--- GIVEN ENTRIES ---
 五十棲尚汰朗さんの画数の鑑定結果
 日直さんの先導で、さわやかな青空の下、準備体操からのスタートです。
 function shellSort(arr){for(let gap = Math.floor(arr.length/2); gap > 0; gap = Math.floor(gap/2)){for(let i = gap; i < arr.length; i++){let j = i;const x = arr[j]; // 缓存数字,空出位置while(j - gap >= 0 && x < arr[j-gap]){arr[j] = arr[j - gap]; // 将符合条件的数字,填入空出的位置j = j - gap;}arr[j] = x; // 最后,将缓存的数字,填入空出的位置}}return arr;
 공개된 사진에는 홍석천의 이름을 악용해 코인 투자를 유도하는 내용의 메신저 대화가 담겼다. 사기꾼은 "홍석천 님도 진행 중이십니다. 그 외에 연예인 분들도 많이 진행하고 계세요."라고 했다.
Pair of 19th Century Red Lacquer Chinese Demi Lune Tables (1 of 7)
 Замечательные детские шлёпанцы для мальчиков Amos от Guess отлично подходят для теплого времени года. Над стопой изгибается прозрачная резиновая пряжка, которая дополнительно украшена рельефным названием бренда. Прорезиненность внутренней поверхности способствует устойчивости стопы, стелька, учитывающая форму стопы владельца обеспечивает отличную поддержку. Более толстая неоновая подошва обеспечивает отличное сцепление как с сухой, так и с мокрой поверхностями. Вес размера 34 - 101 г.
---
--- GIVEN ENTRIES ---
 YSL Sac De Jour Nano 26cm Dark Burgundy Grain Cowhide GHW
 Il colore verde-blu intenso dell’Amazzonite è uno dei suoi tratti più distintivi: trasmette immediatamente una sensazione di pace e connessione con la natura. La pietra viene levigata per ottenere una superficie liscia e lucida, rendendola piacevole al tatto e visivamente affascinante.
---
--- GIVEN ENTRIES ---
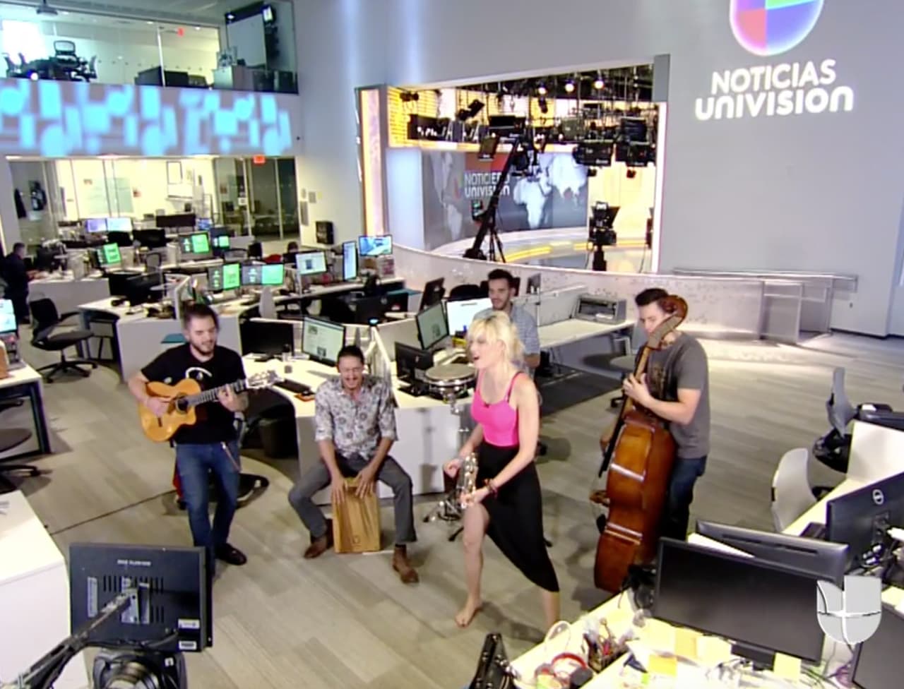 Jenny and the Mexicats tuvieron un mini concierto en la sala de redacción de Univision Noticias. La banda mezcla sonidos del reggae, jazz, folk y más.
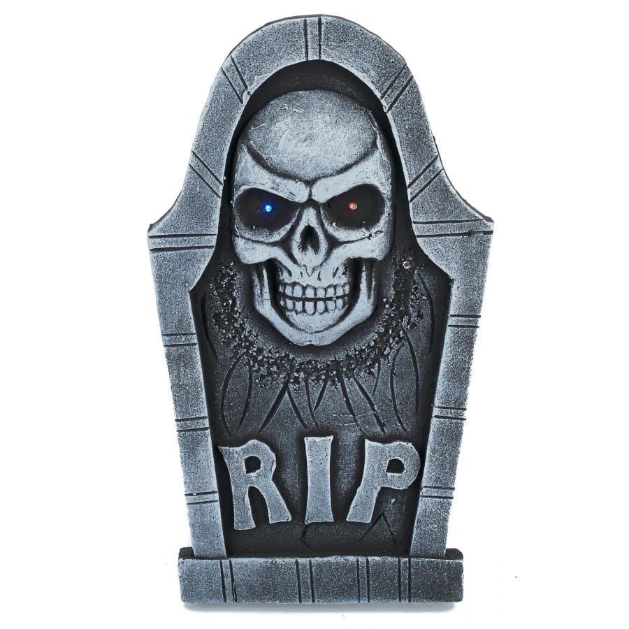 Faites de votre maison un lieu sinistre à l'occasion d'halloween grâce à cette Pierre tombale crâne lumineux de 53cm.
---
WORK TO BE COMPLETED. Please give back exactly the lines of this listing beginning at the line with "Pair of 19th" and ending with the line with "Замечательные детские шлёпанцы", both included, and nothing else.

OUTPUT FOR THIS EXERCISE.
Pair of 19th Century Red Lacquer Chinese Demi Lune Tables (1 of 7)
 Замечательные детские шлёпанцы для мальчиков Amos от Guess отлично подходят для теплого времени года. Над стопой изгибается прозрачная резиновая пряжка, которая дополнительно украшена рельефным названием бренда. Прорезиненность внутренней поверхности способствует устойчивости стопы, стелька, учитывающая форму стопы владельца обеспечивает отличную поддержку. Более толстая неоновая подошва обеспечивает отличное сцепление как с сухой, так и с мокрой поверхностями. Вес размера 34 - 101 г.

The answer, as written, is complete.